ACTUALITE SOCIALE AU 30 DÉCEMBRE 2018

Tout ce qu’il faut savoir sur l’actualité sociale du mois de décembre 2018

  • Formation : un projet de décret prévoit de fixer le montant de l’aide à l’embauche d’un apprenti au maximum à 4125 € la première année du contrat, 2000 € la deuxième et 1200 € la troisième. L’aide unique à l’apprentissage ne bénéficiera qu’aux embauches réalisées par des PME à partir de 2019 et visant des jeunes dont le niveau ne dépasse pas le baccalauréat.
  • Formation : le montant, les conditions et les modalités d’abondement du CPF sont définies par un décret du 18 décembre, notamment en ce qui concerne les accords collectifs et les versements forfaitaires de 3000€ au titre des obligations liées à l’entretien professionnel.
  • Aide au permis de conduire des apprentis : à compter du 1er janvier 2019, France Compétences, pourra verser une aide forfaitaire de 500 € aux apprentis d’au moins 18 ans engagés dans l’obtention du permis B, selon un projet de décret soumis à l’avis du CNEFOP.
  • Apprentissage : les deux premiers décrets d’application de la loi Avenir professionnel ont été publiés le 14 décembre et visent à mettre en œuvre la réforme de l’apprentissage. Lun désigne les secteurs qui pourront déroger aux durées maximales de travail des travailleurs et apprentis de moins de 18 ans, à savoir les chantiers de bâtiment, les chantiers de travaux publics, les chantiers d’espaces paysagers. L’autre fixe les conditions de compétences professionnelles qui seront exigées d’un maître d’apprentissage à défaut d’accord de branche les déterminant : diplôme et un an d’exercice d’une activité professionnelle en rapport avec la qualification préparée, ou justifier de deux années d’exercice d’une activité professionnelle en rapport avec la qualification préparée.
  • Mesures d’urgence économiques et sociales : le texte de loi est publié au JO du 26 décembre.

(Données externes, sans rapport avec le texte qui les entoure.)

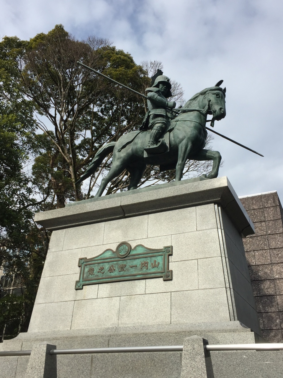 土佐藩初代藩主にして高知城を建てた山内一豊公の銅像。
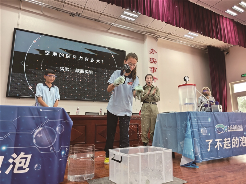 | 图为山东科技馆团队带来《了不起的“泡泡”》科学实验,带领学生们感受液体里突然出现的“气泡”——空泡的破坏力。 |
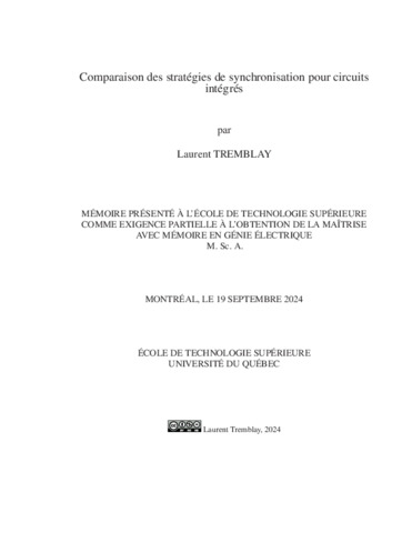 Tremblay, Laurent (2024). Comparaison des stratégies de synchronisation pour circuits intégrés. Mémoire de maîtrise électronique, Montréal, École de technologie supérieure.
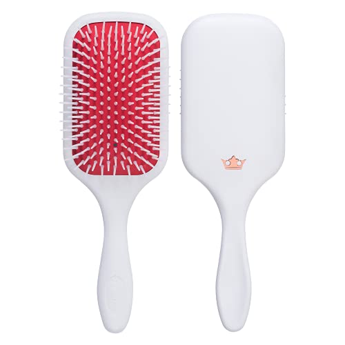 Denman Power Paddle Hair Brush for Fast and Comfortable Detangling, Blow Drying and Styling - Combination of D3 Styling Pins & Paddle Brush - For Women and Men (White, Red Pad), P038
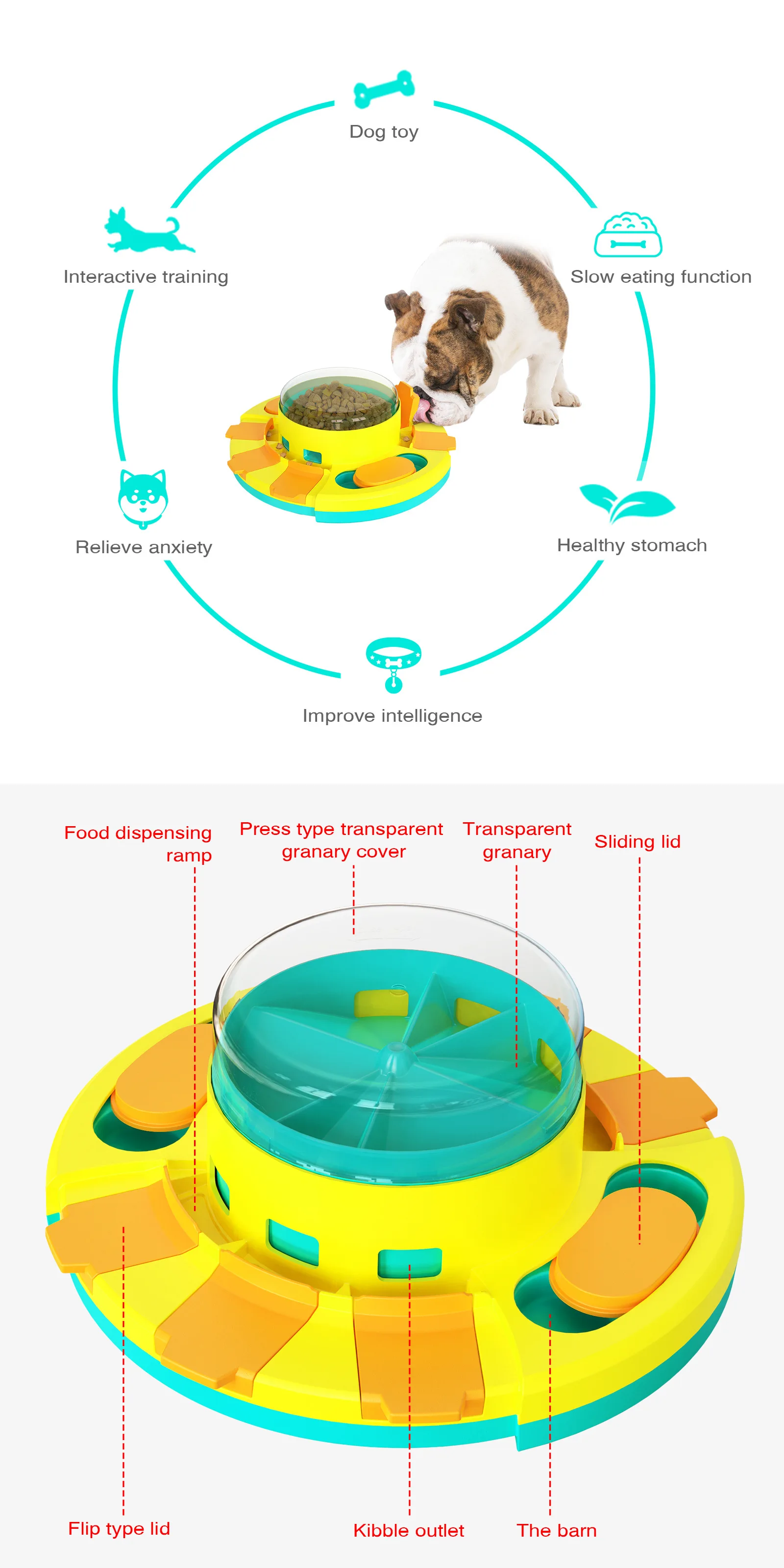 [Многофункциональная игрушка] Thisisapuzzletoyspeciallydesignedtoenhancepetsintelligence; В отличие от традиционных игрушек для отдыха домашних животных, эта игрушка позволяет вашей собаке получить награду за еду и стать более умной по своей просьбе. Он культивирует его с помощью мозга. Дизайн с антипищевым вареньем[Theupgradedpuzzletoy] itcanbeplayedwithissustylevel 1 alone или Play с уровнем сложности 1 и 2. Геймплей уровня 1: Добавьте собачьи шарики в 8 лай вокруг игрушки, 6 лай типа flip и 2 лай типа slide. Направляйте собаку, чтобы она перевернула или скользила крышку различных банок на пищевую пластину с лапой или носом, и он может получить награду за еду, играя с игрушкой. Геймплей уровня 2: собаке необходимо сначала нажать на прозрачную грануляционную крышку, и киблы будут вытекать из гранулы на 6 амбаров вокруг гранулы, И собаке нужно перевернуть крышку, чтобы получить еду.
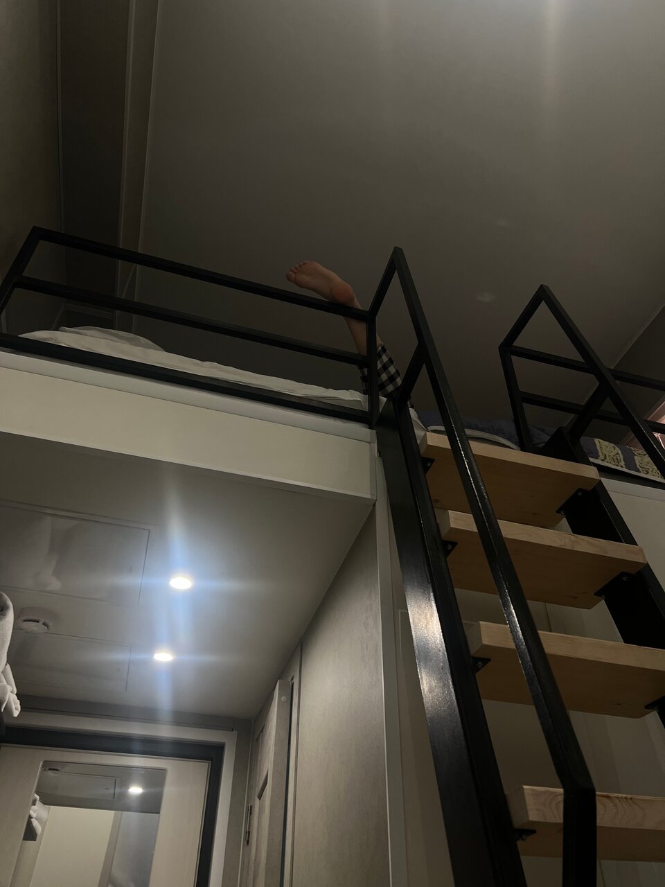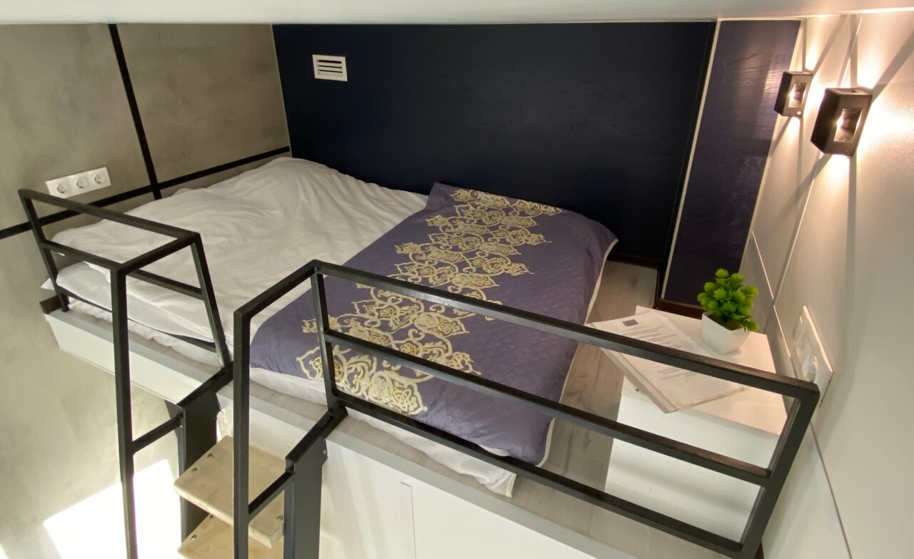 Сначала не впечатлил, так как возникли проблемы с ранним заселением, персонал медленно убирал номера и про нас забывали, но мы все же смогли заселиться и доплатили не так много, ибо из-за долгого ожидания заселение получилось не таким уж и ранним. Но в целом, отель мне понравился, номера уютные и для двух девушек вполне комфортные и не тесные. Убрали хорошо, чистое постельное, мусорки, есть чайник, посуда, плита и холодильник, есть фен и горячая вода (идет быстро). Еще есть телевизор, но вот он не работал. Лестница к кровати не смутила, показалась вполне удобной, но, думаю, для людей в возрасте не супер решение. Сама кровать понравилась, очень мягкая, выспалась на ней не смотря на короткий период сна и ободрилась, пока спускалась. Бар никак не помешал, так как изначально понимала, на что иду, да и шум никак не мешает моему сну и засыпанию. Вот подъем на 4-й (по факту 6-й) этаж действительно дается тяжеловато, а так, в целом, все хорошо.

La prime de pouvoir d’achat est à verser avant le 31 mars 2019. Elle est exonérée de toutes charges patronales et salariales dans la limite de 1000 € par bénéficiaire. Les intéressés doivent avoir perçu en 2018 une rémunération inférieure à trois fois la valeur annuelle du SMIC (53 945 €). L’instauration et les modalités doivent faire l’objet d’un accord d’entreprise ou de groupe. Elles peuvent également être fixées par décision unilatérale de l’employeur seulement si cette décision intervient au plus tard le 31 janvier 2019.

La mesure de réduction de cotisations salariales sur les heures supplémentaires et complémentaires interviendra dès le 1er janvier, la mesure est complétée par une exonération d’impôt sur le revenu dans la limite annuelle fixée à 5000€

Annulation de la hausse de la CSG pour certains retraités.